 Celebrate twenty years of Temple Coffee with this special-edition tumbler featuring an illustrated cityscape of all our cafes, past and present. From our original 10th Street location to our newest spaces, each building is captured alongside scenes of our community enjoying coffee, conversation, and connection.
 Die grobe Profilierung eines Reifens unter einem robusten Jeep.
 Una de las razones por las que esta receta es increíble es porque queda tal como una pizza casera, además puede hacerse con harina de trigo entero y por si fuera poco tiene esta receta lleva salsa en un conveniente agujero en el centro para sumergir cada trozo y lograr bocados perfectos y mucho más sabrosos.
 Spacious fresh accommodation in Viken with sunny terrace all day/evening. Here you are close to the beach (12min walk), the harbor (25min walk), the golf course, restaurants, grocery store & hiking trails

==

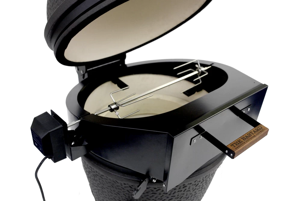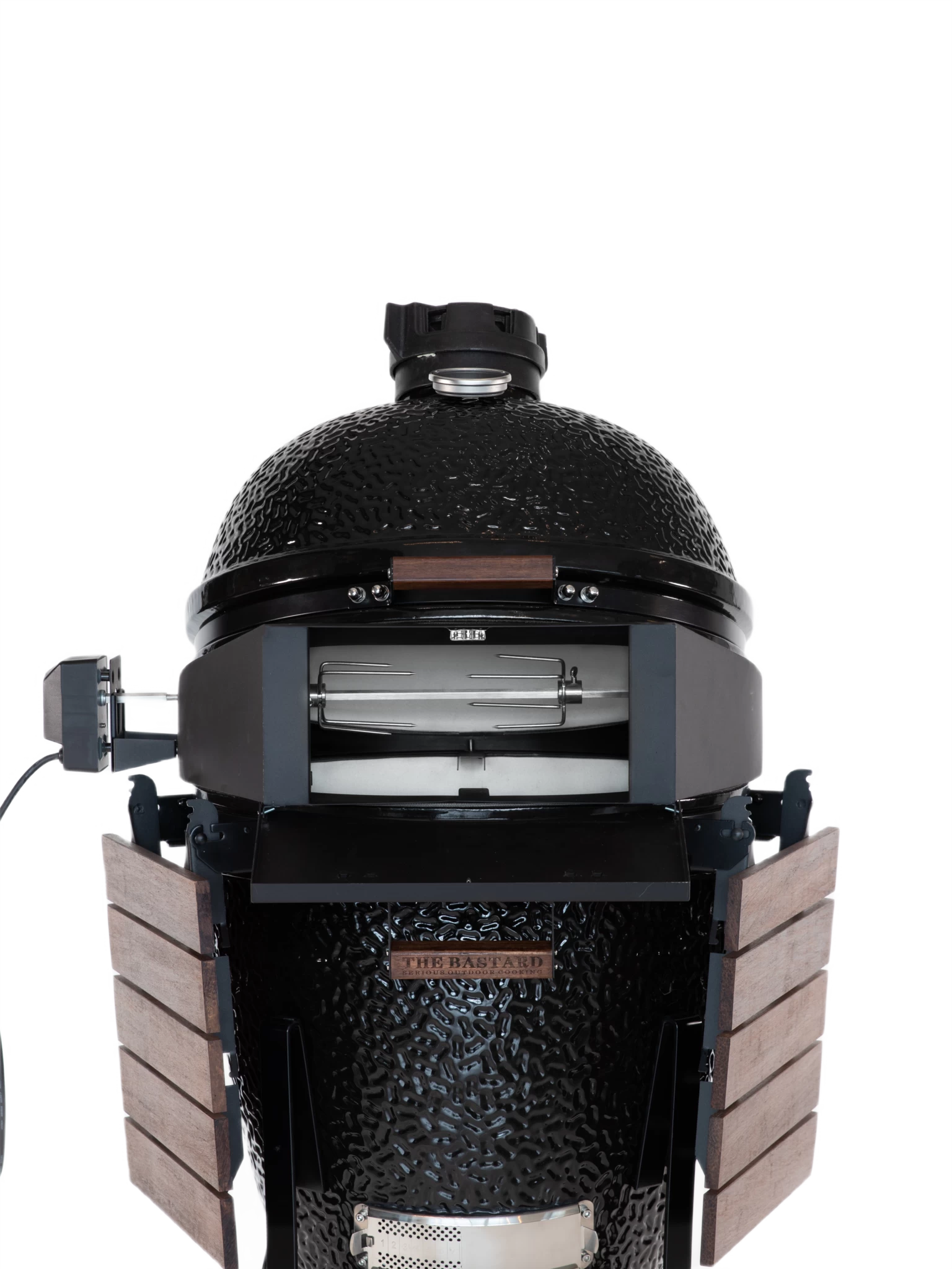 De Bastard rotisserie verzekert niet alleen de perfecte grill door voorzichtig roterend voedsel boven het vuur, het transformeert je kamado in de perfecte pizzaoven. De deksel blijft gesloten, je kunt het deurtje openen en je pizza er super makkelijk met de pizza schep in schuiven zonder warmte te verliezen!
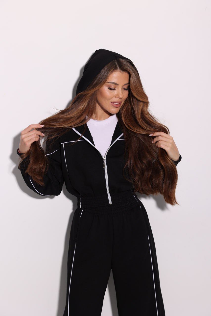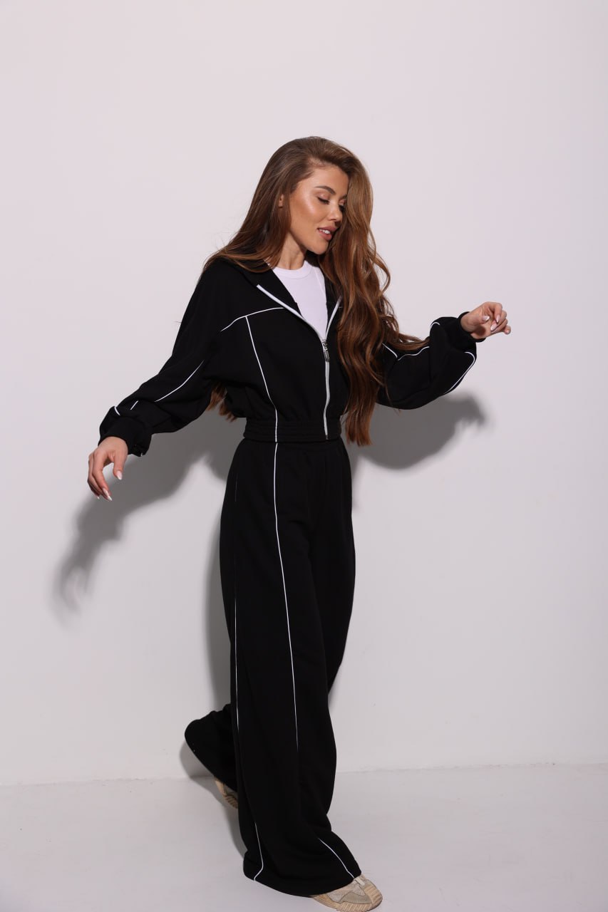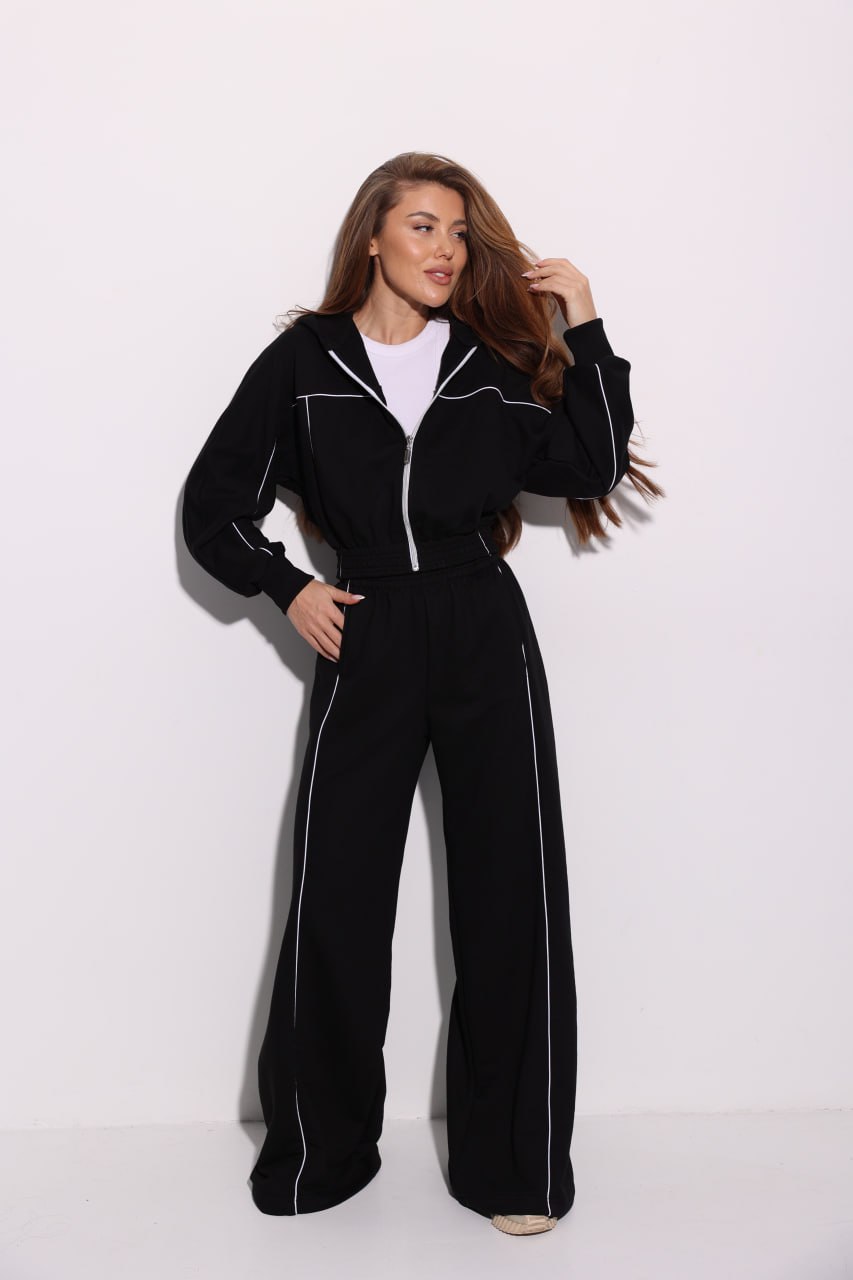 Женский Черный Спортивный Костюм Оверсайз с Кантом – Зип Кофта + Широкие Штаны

* * *

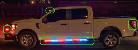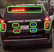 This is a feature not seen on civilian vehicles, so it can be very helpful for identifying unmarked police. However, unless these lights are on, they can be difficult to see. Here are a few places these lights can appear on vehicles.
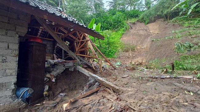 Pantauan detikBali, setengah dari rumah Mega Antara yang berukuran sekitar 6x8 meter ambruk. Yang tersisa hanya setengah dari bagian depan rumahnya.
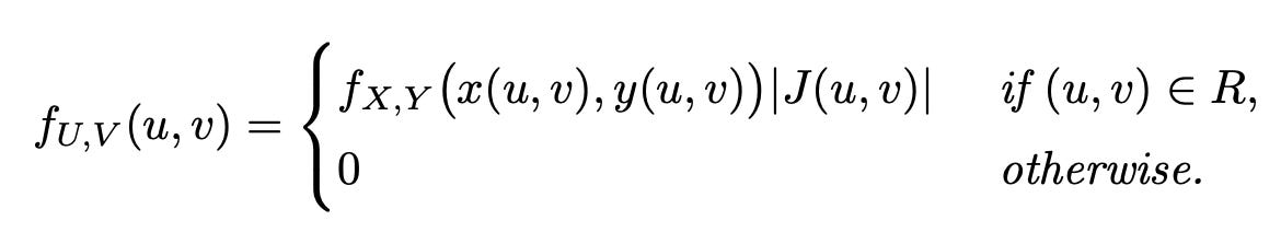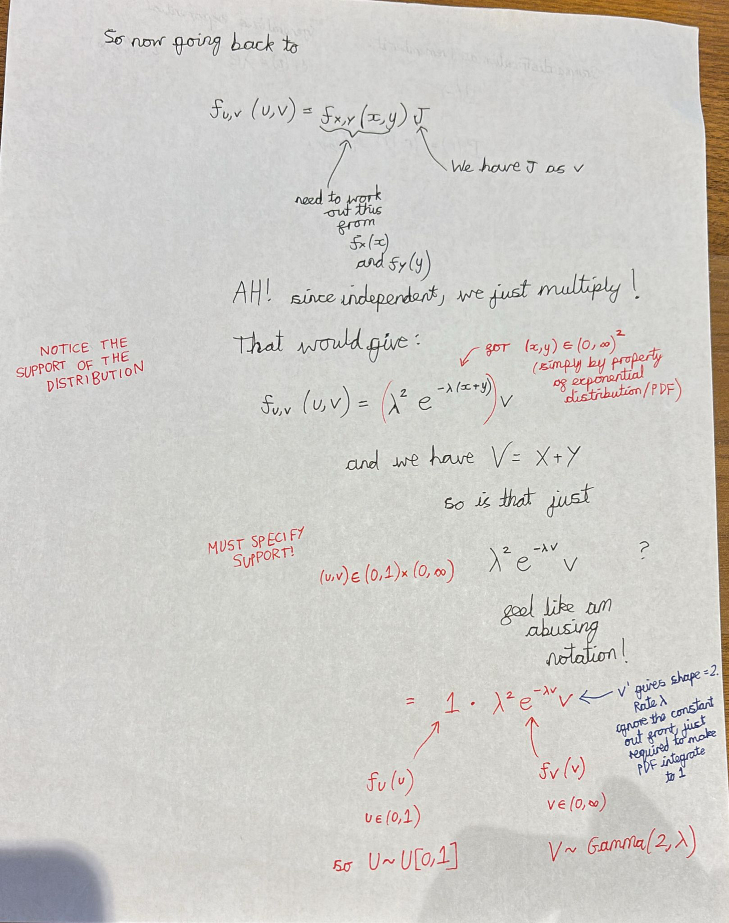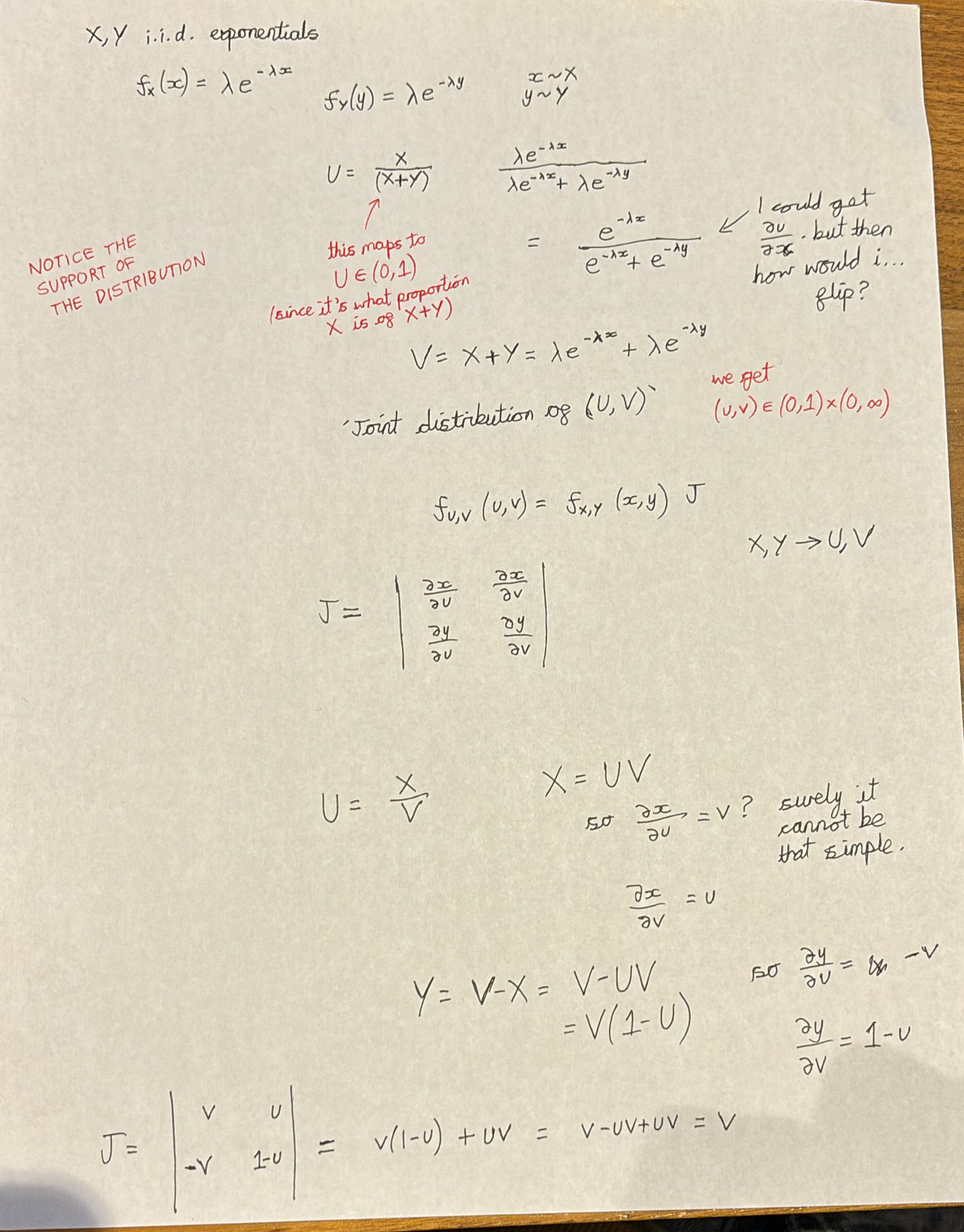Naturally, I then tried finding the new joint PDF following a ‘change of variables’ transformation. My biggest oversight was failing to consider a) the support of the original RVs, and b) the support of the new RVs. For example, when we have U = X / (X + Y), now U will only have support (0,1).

## [ACTIVITY]
Of all the entries above, repeat only the lines from the line that has "Una de las razones" to the line that has "Spacious fresh accommodation", both lines included, exactly.

## [TASK RESULT]
 Una de las razones por las que esta receta es increíble es porque queda tal como una pizza casera, además puede hacerse con harina de trigo entero y por si fuera poco tiene esta receta lleva salsa en un conveniente agujero en el centro para sumergir cada trozo y lograr bocados perfectos y mucho más sabrosos.
 Spacious fresh accommodation in Viken with sunny terrace all day/evening. Here you are close to the beach (12min walk), the harbor (25min walk), the golf course, restaurants, grocery store & hiking trails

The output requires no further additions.